Eden
The train was only a four-hour trip, but it stopped several times along the route. Eden wouldn’t arrive in the Windy City until three PM. Aside from cutting and dyeing her hair, it was an
uneventful ride. There were only six passengers in her car, although more people would board at Galesburg. When the train chugged into the Galesburg station, passengers were encouraged to disembark for a few minutes. Eden bought an egg sandwich and coffee inside the station. Along with the remaining half of her PB&J, this might be her last meal for a long while. She spotted an abandoned newspaper on a bench in the train station and hurried over to pick it up.
It was the Galesburg newspaper, which didn’t cover news from Nauvoo. There wouldn’t be any mention of her leaving her husband and kids, but she paged through it anyway. A stab of pain ran through her when she thought of Teagan, Sariah, and Elijah. By now they’d know she had left them; she wondered what Porter had said about her. She hoped he’d explained she was just in Quincy visiting her parents, but she feared he’d told them that she was a bad mother who didn’t love them and had broken the Mormon covenant. And that she was no better than a criminal. She felt like one.
Eden—no, she had to start calling herself Patsy again. No—not Patsy, either. She needed a completely new name with no association to her past. She settled on Lisa. She’d always loved the name. She started repeating it to get used to it. “Lisa” had been to Chicago twice before. The first time was a graduation trip from her Quincy middle school. The second time was when she was a student at the University of Iowa. She and her boyfriend, Tony Mariano, had snuck into the city for a weekend.

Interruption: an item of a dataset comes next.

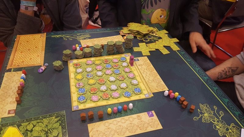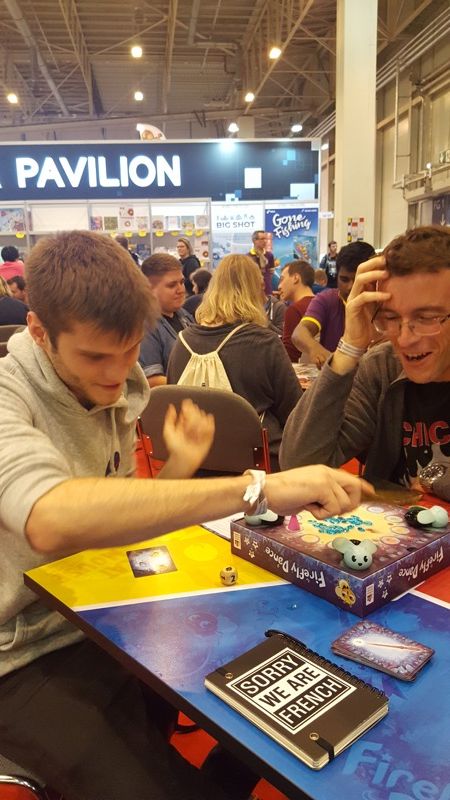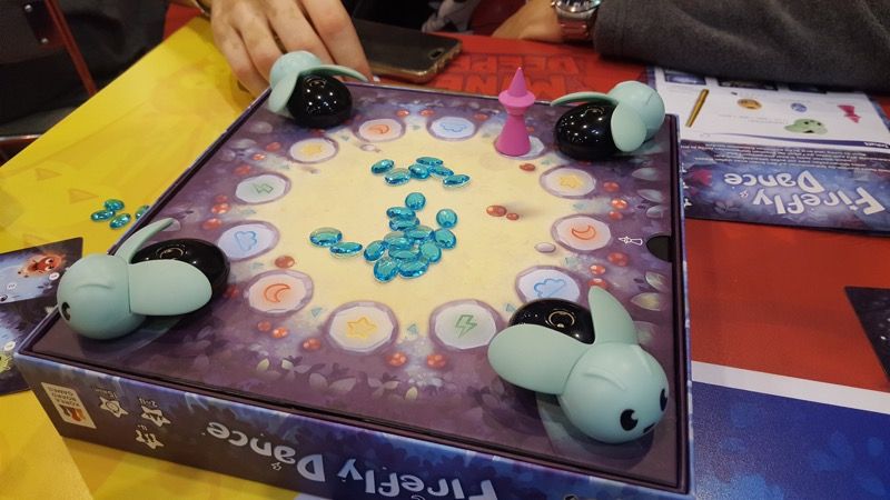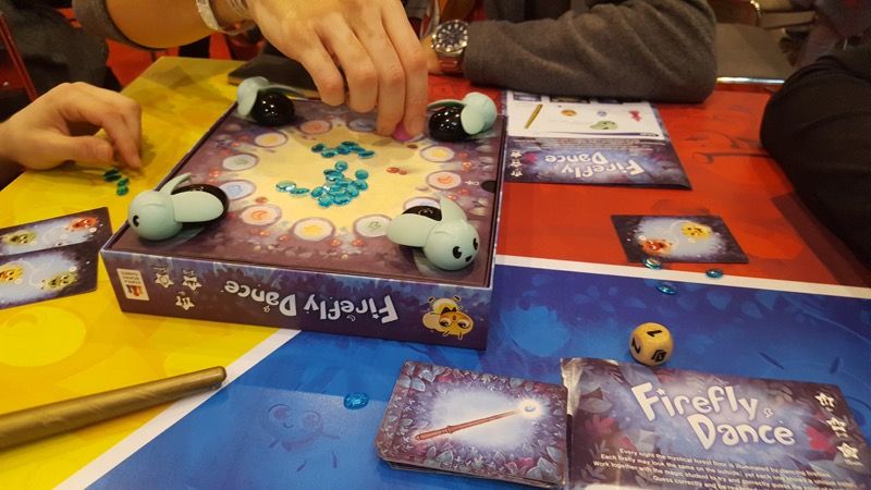Comme on est bien sur le stand, qu'on aime beaucoup le Pavillon coréen et qu'on trouve souvent de la place pour jouer on enchaine avec Firefly Dance un jeu de Josep M.Allué (l'auteur de Baobab et surtout de Kikou le coucou As d'Or enfant 2017) chez Korea Boardgames.

The first time she’d seen all the sites—the Sears Tower, the Hancock, Navy Pier, the Bean in Millenium Park. They’d gone to the South Side Midway Plaisance, which, by virtue of hosting the world’s first Ferris wheel during the 1893 World’s Columbian Exposition, drew tourists from all over the world. A bus even drove them past Wrigley Field where the Cubs played.
The second time she was in Chicago she barely left the downtown motel she and Tony checked into. Patsy was deliriously in love with Tony. He was her first lover, and now that he’d taught her about sex, she wanted to do nothing but practice. He was a talker afterwards and was full of plans. They would get married and move to Chicago where they’d eventually buy a house. He planned to become a dentist—dentists made great money, he claimed—and UIC had an excellent school. Patsy was majoring in art history, but she wasn’t sure what she wanted to do.
After graduation, Tony enlisted in the army so the government would pay for most of dental school. After basic, he was posted to Iraq. Six months after that, he was blown up by an IED. Patsy was devastated.